The model is reasonable on many other accounts, though.  This type of aging model will work with any kind of distributed network, as it requires solely deleting and removing the neurons in a gradual fashion.  It also scales up to much larger and more complicated examples because of the general nature of the model:  as long as there are links and the internal representation is a distributed one, the model would continues to be an effective simulation.  It accurately simulates the electronic effects of neuronal loss in the mind and corresponds to the results found in people, as far as any standard neural network.  It accurately shows the deleterious effects that dementia has on fluid learning and the ability to recall information. 

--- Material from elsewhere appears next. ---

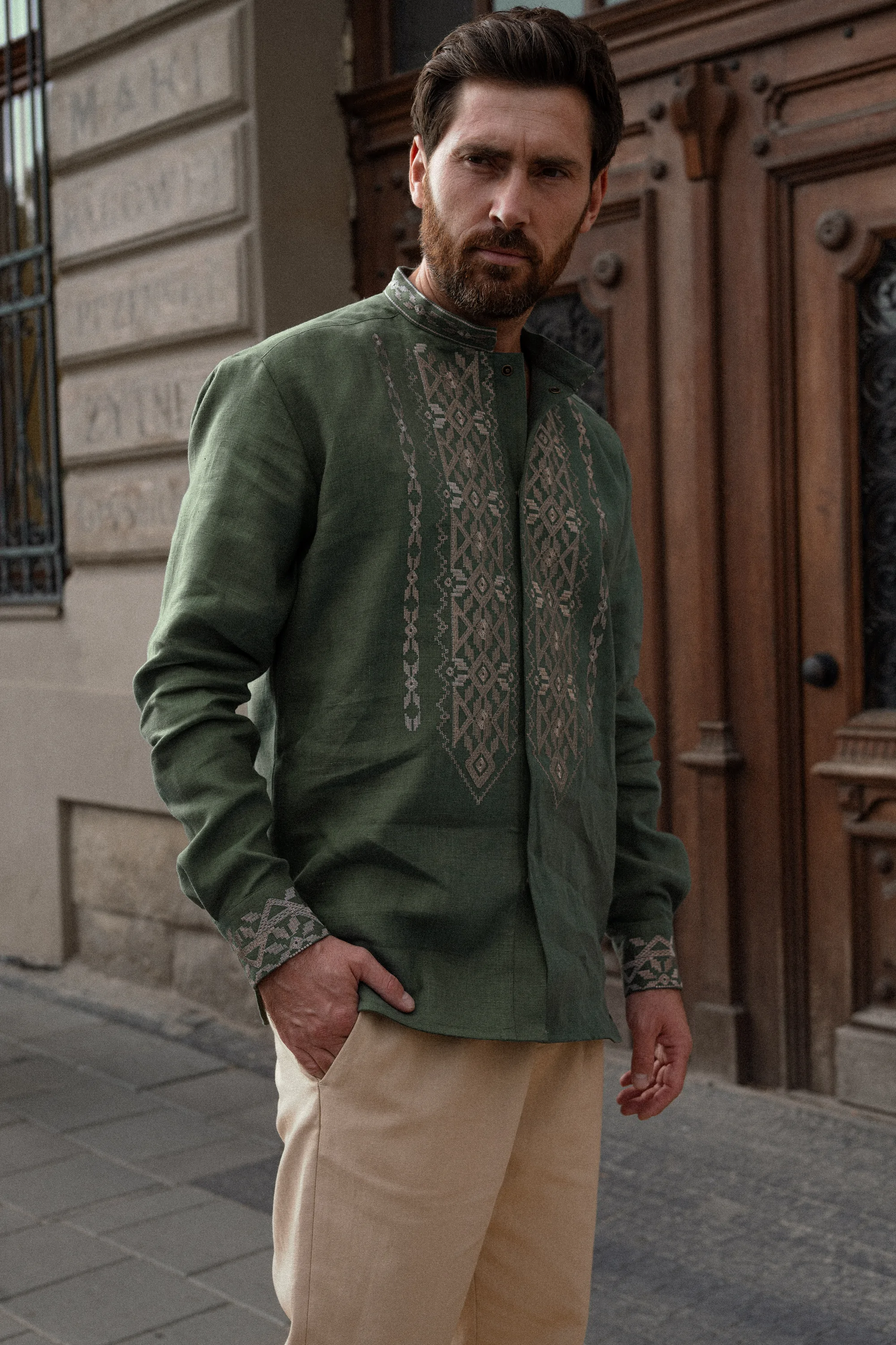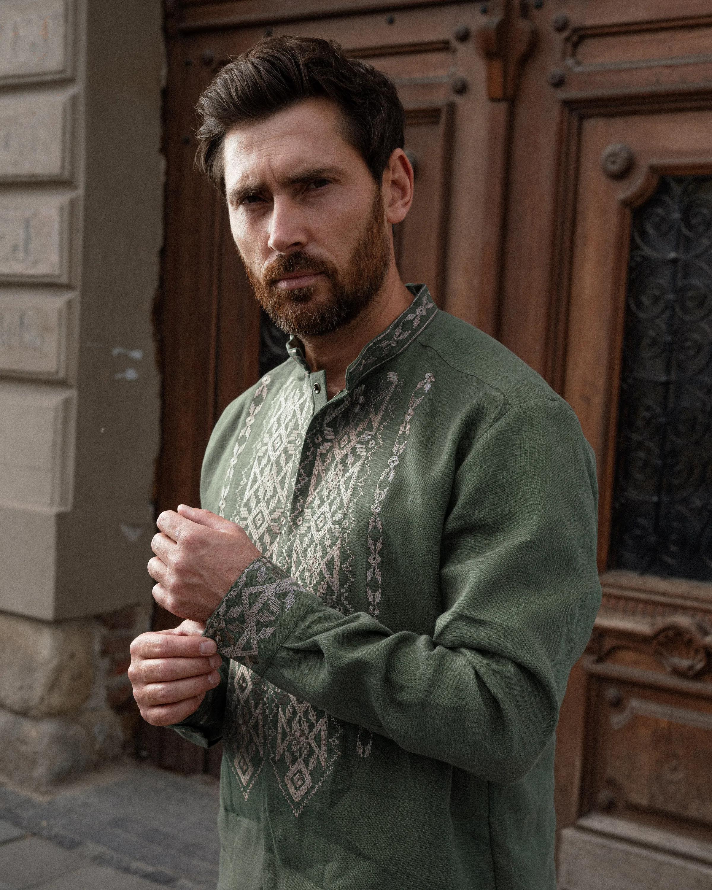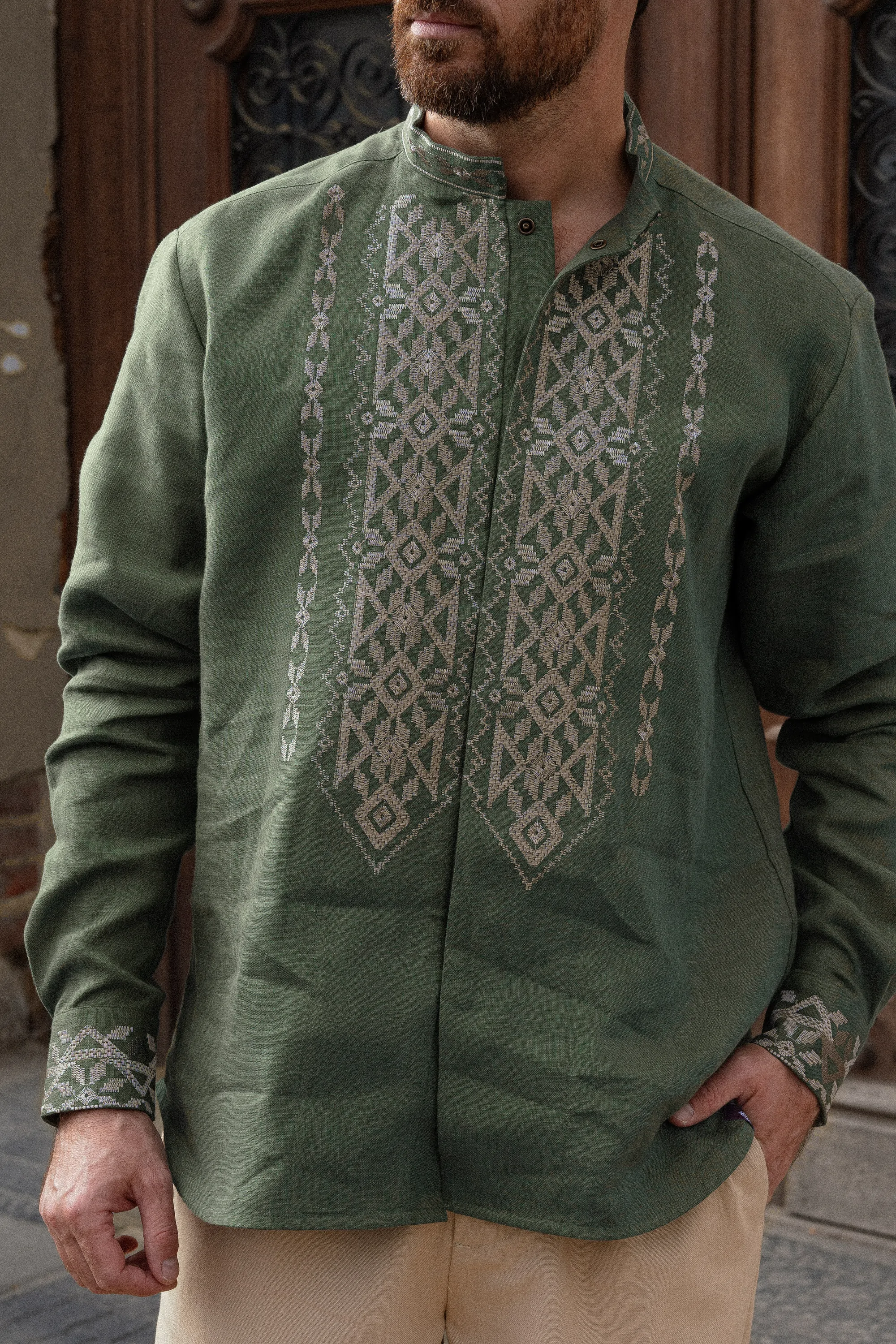 Сорочка застібається на кнопки спереду та на рукавах. В орнаменті переважають геометричні мотиви. Орнамент вишиванки походить зі Чернігівської області. Візерунок взято зі збірника “Українські народні вишивки” художниць І.Ф. Красницької та О.Г. Полюскевич.

It can be questioned whether any model of cognition using backpropagation is an appropriate one.  There has been no display of backpropagation being used in the mind itself and many tasks, such as language comprehension, are learned without the use of direct, consistent feedback or any error-correction mechanism.  The analysis of the underlying functionality of large neural networks is purportedly difficult and the need for randomness when initially generating the model and for determining an appropriate number of units to be used in a simulation also demonstrates imprecision, and thus flaws in the model.  Any model that trains itself will be subject to these flaws.  (Coltheart, 1995)

 

Conclusion

            Removing both the links between neurons and neurons themselves in a neural network using backpropogation provides an approximation to the memory impairments and learning deficits that are seen in the onset of aging and dementias such as Alzheimer’s disease.  Though this model only takes into account the electronic nature of the neurons, without associating itself with untoward chemical or electronic effects, it still provides an effective simulation that can be generalized to any trained or distributed neural network.                                                          


References

 

            Cohen, Gene D.  The Brain and Human Aging.  New York: Springer.  1988.

 

Coltheart, Max.  Connectionist Modelling and Cognitive Psychology.  Noetica:  A Cognitive Science Forum. Domain:  “http://www.cs.indiana.edu/Noetica/”

Website:  http://www.cs.indiana.edu/Noetica/OpenForumIssue1/Coltheart.html”. 1995. 

 

Esiri, Margaret M.  Dementia and normal aging: neuropathology.  In:  Hupert, Brayne & O’Connor (Eds.),  Dementia and Normal Aging.  Cambridge University Press.  1994.

 

Esiri, Margaret M. & Morris, James H.  (Eds.)  The Neuropathology of Dementia.  Cambridge University Press.  1997.

 

Henderson, A. S. & Sartorius, N.  International Criteria and Differential Diagnosis.  In:  Hupert, Brayne & O’Connor (Eds.),  Dementia and Normal Aging.  Cambridge University Press.  1994.

 

Muller, B., Reinhardt, J., & Strickland M. T.  Neural Networks:  An Introduction.  Berlin: Springer.  1995.

 

Parks, Randolph W. et al.  (Eds.)  Neuropsychology of Alzheimer’s Disease and Other Dementias.  New York: Oxford University Press.  1993.